In addition to this, the Legislatures of Rhode Island, New York, Massachusetts and Connecticut, by acts passed after the mortgage was made, expressly ratified and confirmed the proceedings of the company in making it, each act being substantially in these words: "The proceedings of the Boston, Hartford and Erie Railroad Company, whereby, by indenture dated March nineteenth, eighteen hundred and sixty-six, they conveyed their railroad and property in mortgage to Robert H. Berdell, Dudley S. Gregory, and John C. Bancroft Davis, trustees of the bondholders in said mortgage mentioned, to secure the holders of said bonds the payment of the same, are hereby ratified and confirmed." Private Acts of Rhode Island, January Session, 1866, p. 294; Laws of New York, 1866, ch. 789; Laws of Massachusetts, 1866, ch. 142; Private Acts of Connecticut, May Session, 1866, p. 169. These acts ratified "the proceedings" of the company whereby the mortgage was made. As the mortgage states, on its face, that the meeting of the shareholders at which they voted to authorize the directors to apply for legislative authority to make the mortgage was "duly and lawfully called and held at the city of New York," the holding of the meeting there was ratified as a part of the proceedings.
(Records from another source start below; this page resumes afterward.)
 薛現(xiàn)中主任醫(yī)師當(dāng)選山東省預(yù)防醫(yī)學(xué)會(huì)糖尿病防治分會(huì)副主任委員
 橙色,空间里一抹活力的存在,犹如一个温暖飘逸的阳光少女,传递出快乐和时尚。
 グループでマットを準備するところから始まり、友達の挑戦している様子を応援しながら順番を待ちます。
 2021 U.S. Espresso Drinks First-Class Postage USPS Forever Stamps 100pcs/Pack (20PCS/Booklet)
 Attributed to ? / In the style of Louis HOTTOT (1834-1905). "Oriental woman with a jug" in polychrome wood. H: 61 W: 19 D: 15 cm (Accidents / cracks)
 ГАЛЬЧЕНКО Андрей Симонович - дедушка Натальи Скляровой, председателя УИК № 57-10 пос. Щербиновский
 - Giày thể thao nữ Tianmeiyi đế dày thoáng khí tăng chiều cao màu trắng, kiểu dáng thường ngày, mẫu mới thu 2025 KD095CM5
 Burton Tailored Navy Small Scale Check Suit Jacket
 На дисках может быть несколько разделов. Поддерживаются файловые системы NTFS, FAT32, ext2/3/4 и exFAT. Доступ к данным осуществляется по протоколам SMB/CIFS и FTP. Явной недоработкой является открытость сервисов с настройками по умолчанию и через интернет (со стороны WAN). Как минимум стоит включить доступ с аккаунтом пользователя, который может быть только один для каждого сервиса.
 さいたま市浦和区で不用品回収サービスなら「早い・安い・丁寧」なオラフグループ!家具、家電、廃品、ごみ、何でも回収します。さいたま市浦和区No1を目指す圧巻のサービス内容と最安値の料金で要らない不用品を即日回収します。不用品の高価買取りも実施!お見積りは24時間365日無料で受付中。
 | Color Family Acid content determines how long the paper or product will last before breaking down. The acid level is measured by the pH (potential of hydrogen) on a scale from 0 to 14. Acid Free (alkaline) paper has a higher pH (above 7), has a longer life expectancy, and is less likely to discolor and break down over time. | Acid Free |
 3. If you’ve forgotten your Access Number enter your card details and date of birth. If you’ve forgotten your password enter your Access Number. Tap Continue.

The irregularity, if any, was one which the legislatures of the four States could rectify, as they did, because all of them, acting together for the one purpose, could have authorized in advance the holding of the meeting at New York. Grenada Co. v. Brogden, 112 U.S. 261; Anderson v. Santa Anna, 116 U.S. 356; Shaw v. Norfolk R.R. Co., 5 Gray, 162; Howe v. Freeman, 14 Gray, 566.
It is urged by the appellants, that it appears from the mortgage, that the vote at the meeting was merely one to authorize the directors to apply to the several legislatures for authority to make a mortgage; that five days after the vote the mortgage was executed; that the shareholders never voted to authorize the making of a mortgage; and that, therefore, the mortgage was invalid. The sufficient answer to this contention is, that the terms of the vote, as recited in the mortgage, are adequate to confer authority on the directors, acting for the company, to make the mortgage, after the legislatures should have granted authority to make it; and that the subsequent ratification by the legislatures is equivalent to previous authority. The terms of the mortgage are specified in detail in the vote, the mortgage conforms to them, and the vote is to be construed as covering authority from the shareholders to make the mortgage, if legislative authority should be given. It sufficiently appears that the four confirmatory acts were passed before the mortgage was recorded anywhere, and before any bonds secured by it were issued.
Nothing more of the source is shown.